■ **PROBLEM DETAILS**: Write the records below out again word for word, with the pictures removed.
== == ==
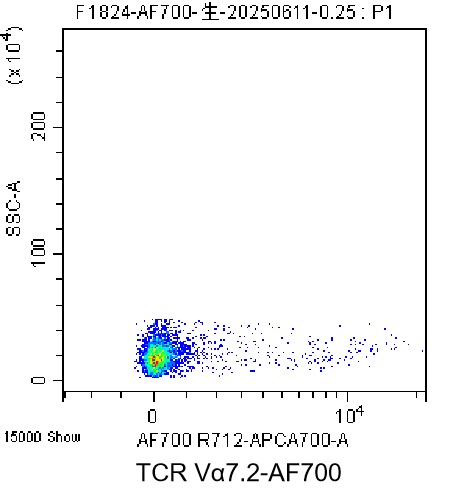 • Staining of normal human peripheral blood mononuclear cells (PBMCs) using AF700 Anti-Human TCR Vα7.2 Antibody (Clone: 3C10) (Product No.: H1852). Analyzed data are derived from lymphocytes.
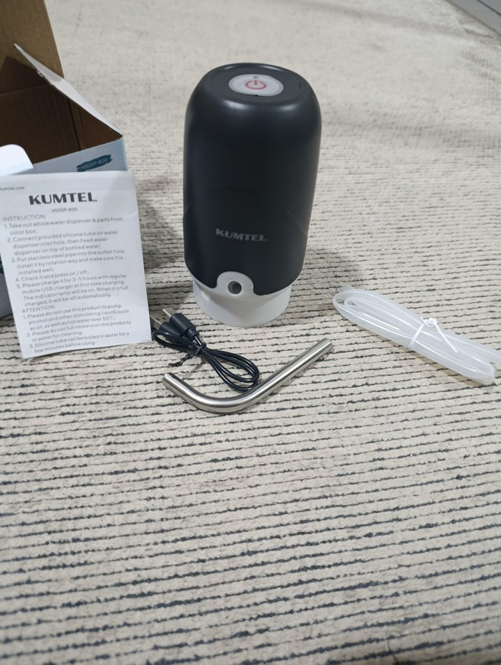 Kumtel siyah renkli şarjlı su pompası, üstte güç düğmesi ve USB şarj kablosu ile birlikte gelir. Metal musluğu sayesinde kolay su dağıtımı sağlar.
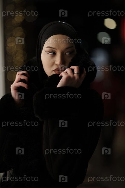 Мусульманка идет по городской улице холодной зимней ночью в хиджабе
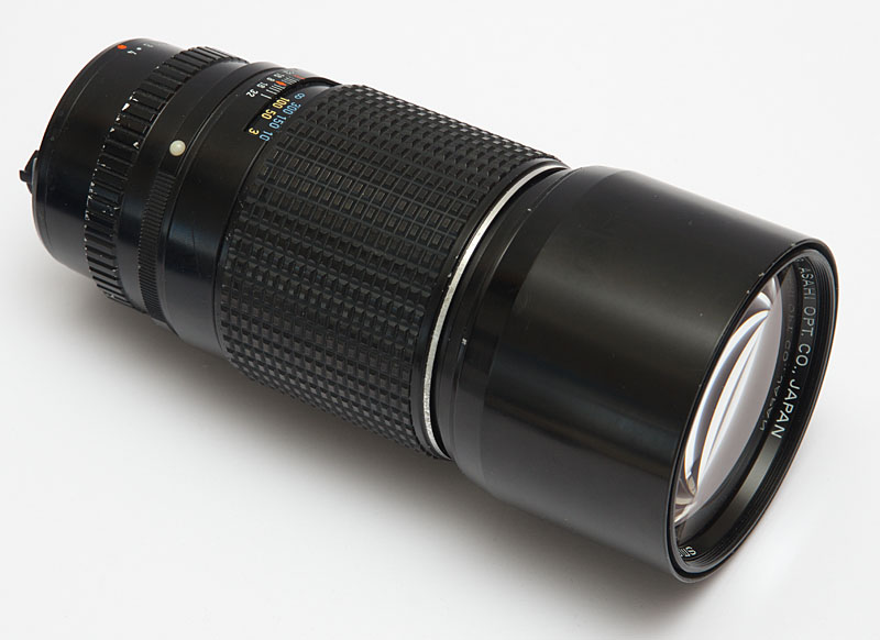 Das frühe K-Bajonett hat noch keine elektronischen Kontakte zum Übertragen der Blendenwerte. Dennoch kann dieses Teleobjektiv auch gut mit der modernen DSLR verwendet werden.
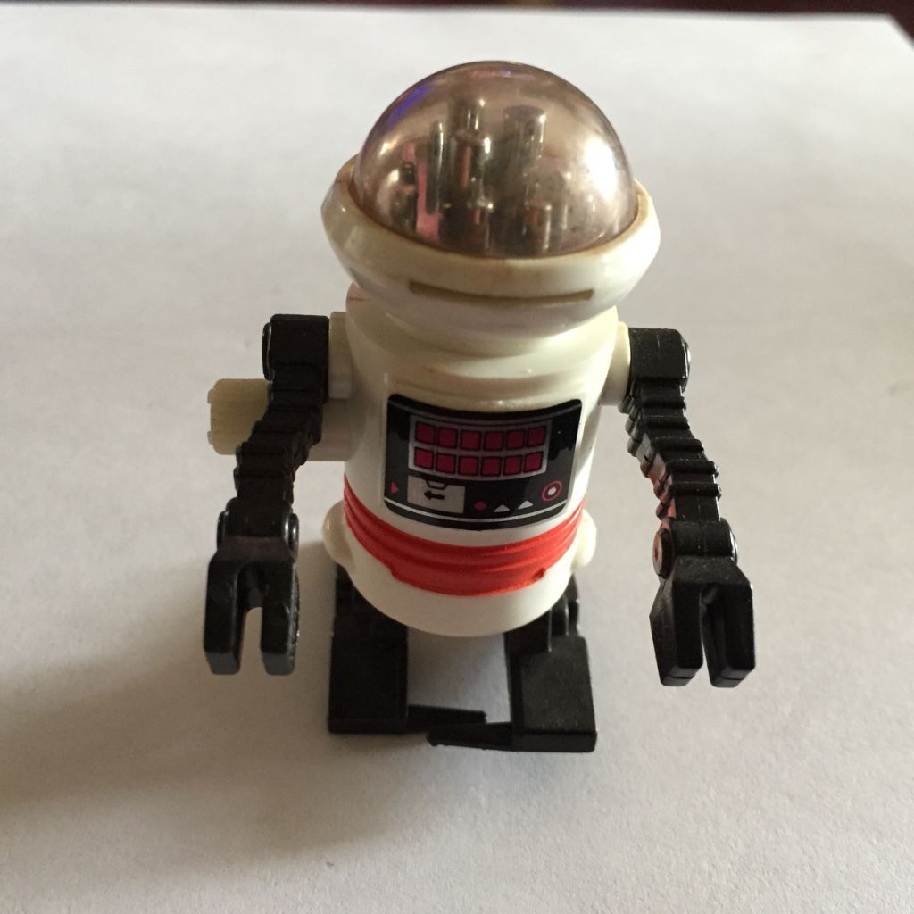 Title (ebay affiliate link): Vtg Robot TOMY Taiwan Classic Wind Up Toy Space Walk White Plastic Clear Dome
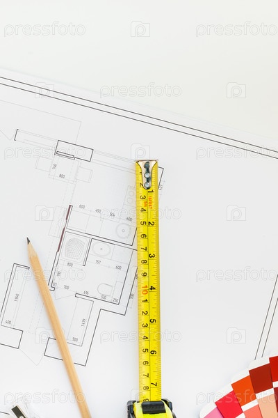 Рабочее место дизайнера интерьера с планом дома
== == ==
■ **ANSWER AREA**:
 • Staining of normal human peripheral blood mononuclear cells (PBMCs) using AF700 Anti-Human TCR Vα7.2 Antibody (Clone: 3C10) (Product No.: H1852). Analyzed data are derived from lymphocytes.
 Kumtel siyah renkli şarjlı su pompası, üstte güç düğmesi ve USB şarj kablosu ile birlikte gelir. Metal musluğu sayesinde kolay su dağıtımı sağlar.
 Мусульманка идет по городской улице холодной зимней ночью в хиджабе
 Das frühe K-Bajonett hat noch keine elektronischen Kontakte zum Übertragen der Blendenwerte. Dennoch kann dieses Teleobjektiv auch gut mit der modernen DSLR verwendet werden.
 Title (ebay affiliate link): Vtg Robot TOMY Taiwan Classic Wind Up Toy Space Walk White Plastic Clear Dome
 Рабочее место дизайнера интерьера с планом дома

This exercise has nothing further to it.